How design affects cost: CNC machining
Stratasys Direct Manufacturing utilizes more than 20 state-of-the-art 3-axis and 5-axis milling CNC (computer numeric controlled) machines and lathes. Our CNC machining centers also utilize cutting edge 5-axis machines, which substantially reduce turnaround time by eliminating intermediate setups and enabling undercuts and off-axis features.
CNC machining can be an efficient manufacturing method for production parts and prototyping but may lose cost-effectiveness if key design details and machining capabilities aren’t well balanced. We’ve broken down considerations when getting ready to order CNC machining at Stratasys Direct to help ensure cost-effectiveness and quick-turnarounds.
Top factors that affect cost
CNC machining materials
Materials tend to be the second most influential factor in CNC machining costs.
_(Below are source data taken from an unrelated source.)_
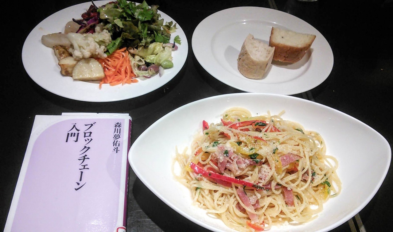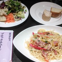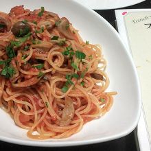 有機野菜が自慢のイタリア料理店です。ランチはパスタか、魚料理、肉料理で、どれを選んでも新鮮なサラダビュッフェが付きます。自家製フォカッチャやバケットも食べ放題です。アサリときのこのトマトソーススパゲティと、ベーコンとパプリカのアーリオ・オーリオをいただきました。ドリンクは別料金です。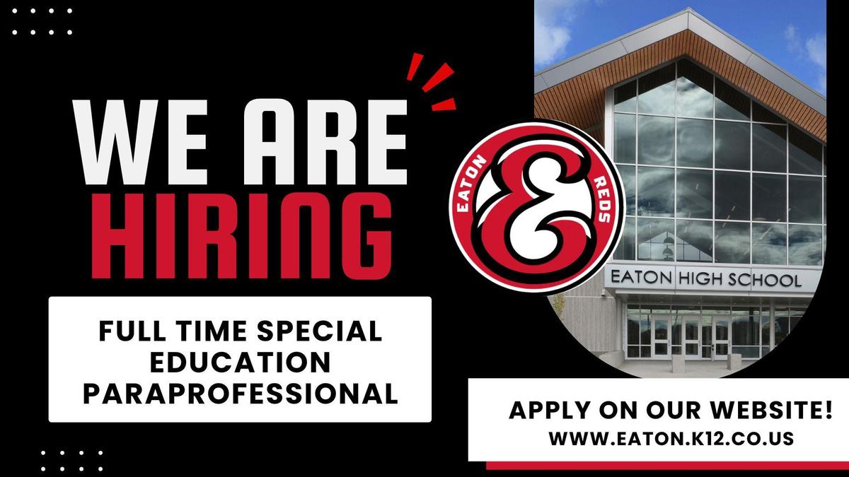 Eaton High School is hiring a Full-Time Special Education Paraprofessional—join our team and make a meaningful difference in students’ lives every day.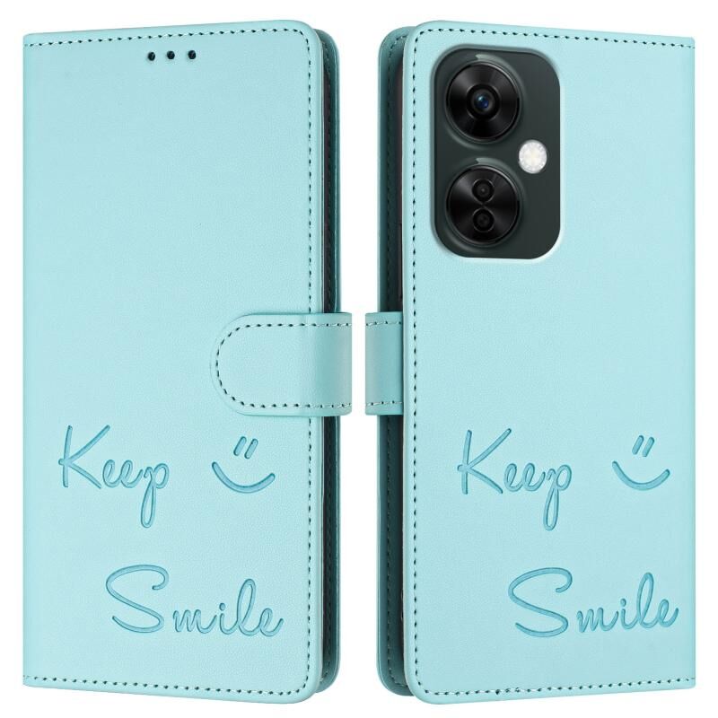 Για OnePlus Nord CE 3 Lite / Nord N30 Χαμόγελο ανάγλυφο RFID δερμάτινη θήκη τηλεφώνου (πράσινο χρώμα)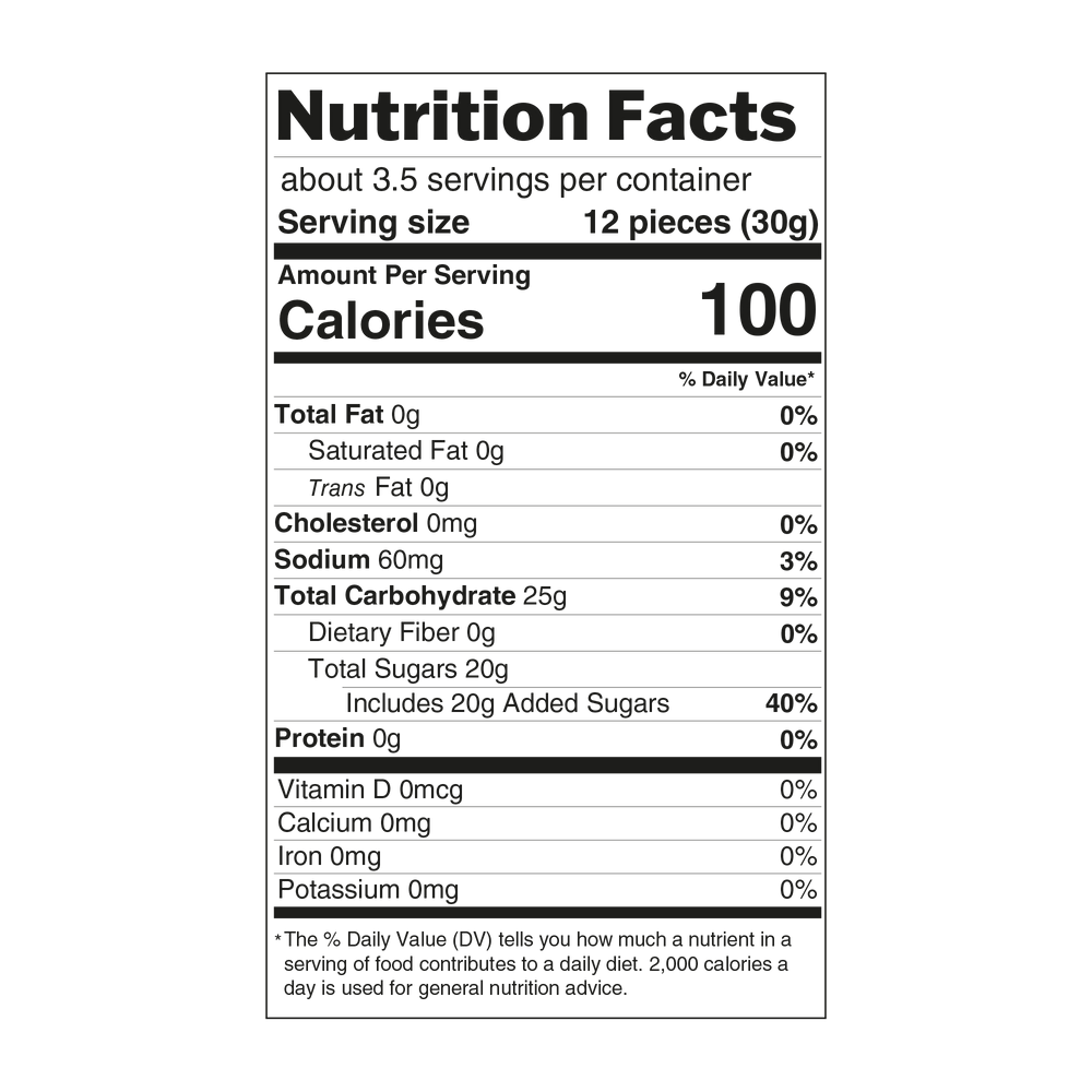 Organic Rice Syrup, Organic Cane Sugar, Water, Pectin, Citric Acid, Hydrolyzed Pea Protein, Colored with Fruit and Vegetable Juice, Natural Raspberry Flavor, Natural Cherry Flavor, Sodium Citrate, Organic Sunflower Oil, Organic Carnauba Wax.

The most cost-efficient machining occurs when you can strike a balance with the cost of the material and its machinability. When it comes to machinability, or the ease with which the material yields to the process, the more machinable the material is, the faster parts can be made and the cheaper the services. Plastic materials and softer metal alloys are typically easier to machine. To determine the inherent machinability of material, you can reference the individual material properties in the CNC machining chart.
CNC machining time and labor
Often the biggest cost factor when utilizing CNC machining for manufacturing is the time it takes to build a part. Complex, large parts require longer machining time, adding to your overall costs.
Complex geometries that require multi-axis machining take longer to produce and more complicated builds often rely on manual fabrication and post-finishing. If a part design includes certain features on each side, often manual reposition, and sometimes new fixtures to accommodate the relocated part, are necessary to access those features. The more labor associated with achieving your design, the more expensive the part becomes.
CNC machining set-up costs go down considerably with higher quantities of parts. In early project stages, it may be advantageous to consider the lower unit price points that arise from higher quantities of machined parts.
CNC part design
By optimizing your design for fast production with little manual reposition required, you can significantly reduce costs for your machined parts. Specifically, you should consider the following key design features:
- Design features with a width-to-height ratio of less than 4 are ideal. Smaller features require more passes of the machine and are prone to vibrations, making accuracy more difficult and machining time longer.
- Cavity depth tools typically work best when cutting cavities with a depth of up to 2-3 times their diameter. If possible, make the pocket with depth less than 4 times the tool diameter.
- Wall thickness should be between 0.03 - 0.06 in (0.8 - 1.5 mm). Thinner walls require multiple passes with the tool at low cutting depths. Thin features are prone to vibrations, so machining them accurately is challenging and increases the machining time.
- Holes at standard drill bit sizes are fast to accomplish, but non-standard sized holes must be machined using an end mill tool, adding to overall cost and machining time.
- Threads should be designed with a minimum length of 1.5 times and maximum length 3 times the hole diameter.
- Radius inside corners that have a length to diameter of 3:1 or less ensure fewer passes of the mill, no tool changes and less overall machining time.
When trying to reduce costs on a CNC machining order, its best to strike a balance with cheaper material with easy machinability and optimized, standardized design. Ensure all the features in your design are critical for your project or if you can simplify the overall scope. The more complex, the more required from your machinist, the less efficient the solution becomes.